Меня начали мучить помимо тошноты ещё и головные боли; донимали потные ладони, руки тряслись почти как у папы. Я часто плохо себя чувствовала, быстро от всего уставала, при этом отвратительно спала. А поликлиника у меня была что надо — от 4-го Управления как-никак! И вот при очередной диспансеризации, когда мне было четырнадцать лет, доктора заметили у меня слишком высокое давление. Между прочим, забили тревогу: боялись «проворонить» детей каких-никаких, но начальников.
Обследовали меня, как положено: и щитовидку, и почки. Все было ОК. Пришли к любимому диагнозу совковой медицины — вегето-сосудистая дистония по гипертоническому типу. И неважно, что такой болезни нигде больше в мире не существует, подумаешь! У советских собственная гордость и собственные болезни.
Но, но, но... Всё-таки 4-е Управление. Беспокоило докторов высокое давление девочки из восьмого класса. И однажды у нас дома раздался звонок. Трубку взяла мама.
— Алло! Да, слушаю... Да, знаю... И что — вы считаете, что нужно обследование в больнице? Ну, хорошо... Ладно, договорились... — мама повесила трубку и пожала плечами. — Говорят, что твою дистонию надо дообследовать в больнице... Странно. А что им неясно? Только сейчас там нет мест, когда освободится, они позвонят и тебя госпитализируют, — я просто помертвела. Больница! Ужас какой! — И всё-таки я не понимаю, что им неясно? — добавила мама.

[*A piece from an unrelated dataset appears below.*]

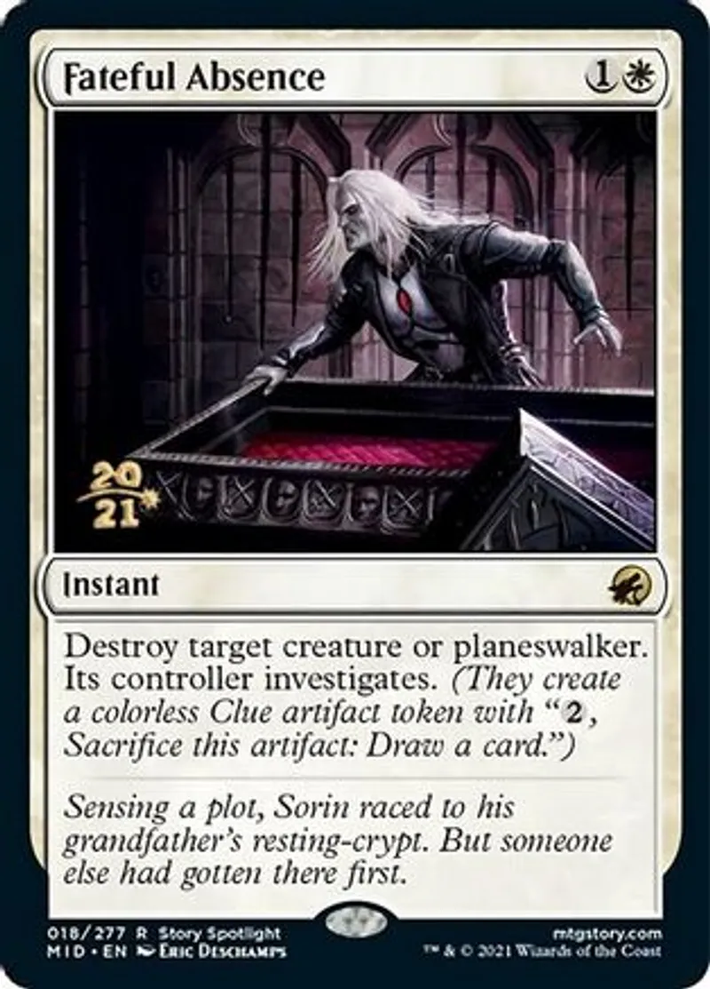 Magic: the Gathering (mtg) Rare Instant Fateful Absence from Prerelease Cards (pPRE) last updated 2026-02-24 15:35:32

Действительно, что им, болванам, неясно? Вот моей же маме всё ясно, как солнечный день: дистония, высокое давление, у неё тоже есть такая проблема, а у кого нынче нет? Таблеточки надо принимать, следить за этими всё. Все её знакомые умные люди с «верхним» образованием говорили, что подростки эти болячки перерастают. Или «израстают» — откуда они только брали это дурацкое словечко? Мама была согласна с такими мудрыми и, безусловно, знающими людьми. Какая больница, зачем?
Поэтому, когда через месяц нам сообщили, что есть койко-место, мама уже созрела для отказа:
— Нет, мы решили, что это ни к чему. Не надо нас госпитализировать.
Как я была благодарна маме! Как счастлива, что меня не положат в эту гадкую, ужасную больницу (а какой же ещё она может быть?). Спасибо, мамочка!
...С тех пор я болела и болела. Болезнь цвела, взрослела, наполнялась соками, становилась все более изощрённой и сильной, проявляла себя разными своими гранями, как бы подсовывая мне всё время под нос кукиши: а это видела? А так пробовала? А что скажешь, ежели я тебе вот так да эдак? А получи-ка ещё вот сюда! Но в моей медицинской карточке была припечатана на все случаи всё та же «вегето-сосудистая». От которой не лечат, потому что нет такой болезни...
Тогда же моя «внутренняя эмиграция» распространилась на отношения с друзьями, сверстниками. Я уже не так стремилась быть в гуще событий, как в детстве, старалась уходить от шумных компаний, становилась всё менее открытой и откровенной. Даже с любимой своей Олечкой... Уголок, где мой тихий, тёплый, желательно тёмный уголок?
Сегодня диагноз мне поставлен, причины ясны, даже ясно, как лечить, но потеряно страшно много времени. Фатально много... Поэтому вряд ли я излечусь когда-нибудь окончательно. А таблетками могу завтракать, обедать и ужинать и можно без хлеба, ибо их очень, очень много.